Los cubanos, le decimos a nuestra madre, vieja, pura. Tenemos la certeza que no hay vieja mas pura, que esa, la nuestra. Si alguna mujer mayor, nos tiene un cariño especial, nos da su aliento en momentos difíciles, decimos; es como si fuera mi madre, no hay nada más que agregar. La incorporamos a la familia, la hacemos nuestra.

La familia cubana, esta en constante movimiento, los muchachos, llaman a sus amigos, primos. Cuando un amigo, lleva años a nuestro lado, cuando hemos pasado mas de un momento difícil juntos, lo llamamos; mi hermano! Así vamos, sumando familiares, enriqueciendo nuestra familia.

Nuestros sobrinos, hacen añicos, el refrán, “a quien Dios, no le da hijos, el diablo, les da sobrinos”, nos llaman, con orgullo, papa!
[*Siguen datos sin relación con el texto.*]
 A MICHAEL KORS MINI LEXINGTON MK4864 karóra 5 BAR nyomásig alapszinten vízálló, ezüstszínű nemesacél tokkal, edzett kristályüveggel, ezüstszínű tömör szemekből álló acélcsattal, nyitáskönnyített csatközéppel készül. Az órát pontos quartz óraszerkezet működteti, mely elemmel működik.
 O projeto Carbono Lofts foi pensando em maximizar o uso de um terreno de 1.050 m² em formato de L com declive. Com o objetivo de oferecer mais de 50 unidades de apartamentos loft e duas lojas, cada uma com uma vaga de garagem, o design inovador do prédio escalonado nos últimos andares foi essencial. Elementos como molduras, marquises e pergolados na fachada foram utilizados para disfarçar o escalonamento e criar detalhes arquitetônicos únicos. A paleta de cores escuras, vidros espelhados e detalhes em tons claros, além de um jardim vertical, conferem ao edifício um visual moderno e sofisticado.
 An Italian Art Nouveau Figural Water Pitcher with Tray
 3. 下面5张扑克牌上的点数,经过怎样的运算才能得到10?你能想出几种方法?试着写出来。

La escasez de vivienda, obligo a convivir juntas a varias generaciones. El concepto de familia, cambio, se adapto a situaciones nuevas. Los tíos nos convertimos en papás, sin querer y los sobrinos en hijos. Recuerdo mi primer viaje a la habana, mi sobrino-hijo, lloraba a gritos y me tocaba, como diciendo para si; existe, esta aquí! El, sabe que siempre estaré a su lado, cuando me necesite. Como todos ellos estan, siempre, junto a mi.

En nuestras familias, nos fajamos, discutimos, nos tiramos los trastos a la cabeza, parece que vamos a irnos a las manos, al final, todo termina en un abrazo. Los lazos familiares, no los rompemos, están siempre ahí, se renuevan y multiplican, como la vida misma. Dos hermanos discuten, parece que se acaba el mundo, si alguien se atreve a apoyar a uno, ese mismo le dice; es mi hermano, no te metas!

En años de familias dispersas por el mundo, nuestra familia se redefinió, se adapto a nuevos tiempos, la sala de la casa, creció, llego a Europa, a Miami, hasta África. Tal vez no podamos reunirnos todos en un almuerzo de domingo, pero nuestros corazones siguen juntos, lazos indestructibles nos unen. La familia cubana, no cree en lejanías, ni en años sin verse. Siempre que llamo a mami los domingos, pregunto que hizo de almuerzo, junto a ellos saboreo su comida y comparto la sobremesa.

Tengo una amiga que emigro siendo niña. Sus padres, hermanas, están de este lado, pero a cada rato arma maletas y amores y va a Cuba a dar y recibir amor de sus primos, de esa familia que el mar, ni la distancia logra disolver.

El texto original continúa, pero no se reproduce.